Réciproquement, supposons la relation $ (*)$ vérifiée. La parallèle à $ \Delta_A$ menée par $ C$ coupe la droite $ D'$ en un point $ C''$ qui vérifie $ \dfrac{\overline {AB}}{\overline {AC}} = \dfrac{\overline {A'B'}}{\overline {A'C''}}$ par la partie directe du théorème. Il en résulte $ \dfrac{\overline {A'B'}}{\overline {A'C''}}=\dfrac{\overline {A'B'}}{\overline {A'C'}}$, d'où $ \overline {A'C''}=\overline {A'C'}$ et $ C'=C''$, ce qui montre que $ \Delta_C$ est parallèle à $ \Delta_A$.$ \square$

La partie directe du théorème de Thalès ne faisant que traduire le caractère affine des projections, on peut énoncer un théorème analogue en toute dimension, en particulier dans l'espace de dimension 3 :

Théorème 4   (Théorème de Thalès dans l'espace) Soient $ \Pi_A$, $ \Pi_B$, $ \Pi_C$ trois plans parallèles distincts de l'espace coupant deux droites $ D$ et $ D'$ respectivement en $ A$, $ B$, $ C$ et $ A'$, $ B'$, $ C'$. Alors

$\displaystyle \frac{\overline{AB}}{\overline{AC}} = \frac{\overline{A'B'}}{\overline{A'C'}}\; . \qquad{ (*)}$

.

Mais le théorème de Thalès dans l'espace n'admet pas de réciproque analogue à celle du théorème de Thalès dans le plan : si on suppose les plans $ \Pi_A$ et $ \Pi_B$ parallèles et la relation $ (*)$ vérifiée, on ne peut en déduire que $ \Pi_C$ est parallèle à $ \Pi_A$ et $ \Pi_B$. On a cependant :

Proposition 37   Soient $ D$ et $ D'$ deux droites de l'espace, $ A$, $ B$, $ C$ trois points de $ D$, $ A'$, $ B'$, $ C'$ trois points de $ D'$, ces six points étant supposés tous distincts.
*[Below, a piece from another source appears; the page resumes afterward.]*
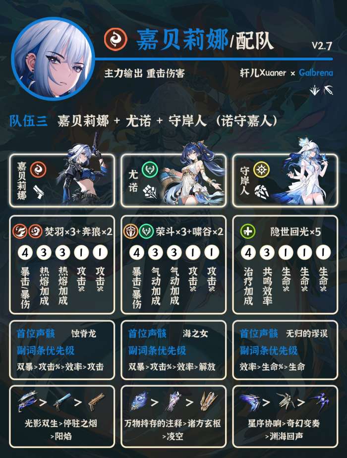 这套主要吃尤诺的重击加成,但因为嘉贝莉娜声骸伤害占比要比重击伤害占比高,所以不如仇远。
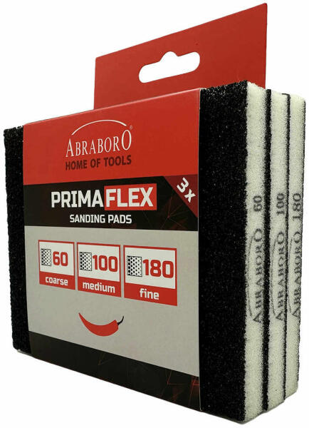 ABRABORO Csiszolószivacs készlet Alumínium-oxid szemcsék tömör műgyanta kötésben Nagy felületek csiszolására, festék eltávolítására, fa megmunkálására ideális 3 különböző szivacs - K60 | K100 | K180 A kép csupán illusztráció! Műszaki adatok Méret: 124 x 98 x12 mm Kiszerelés: 3 db/szett

Si

$\displaystyle \frac{\overline{AB}}{\overline{AC}} = \frac{\overline{A'B'}}{\overline{A'C'}}\; ,$

alors les trois droites $ (AA')$, $ (BB')$, $ (CC')$ sont parallèles à un même plan.

Démonstration : Si les droites $ (AA')$ et $ (BB')$ sont parallèles, les droites $ D$ et $ D'$ sont coplanaires et $ (CC')$ est parallèle à $ (AA')$ et $ (BB')$ par le théorème de Thalès dans le plan.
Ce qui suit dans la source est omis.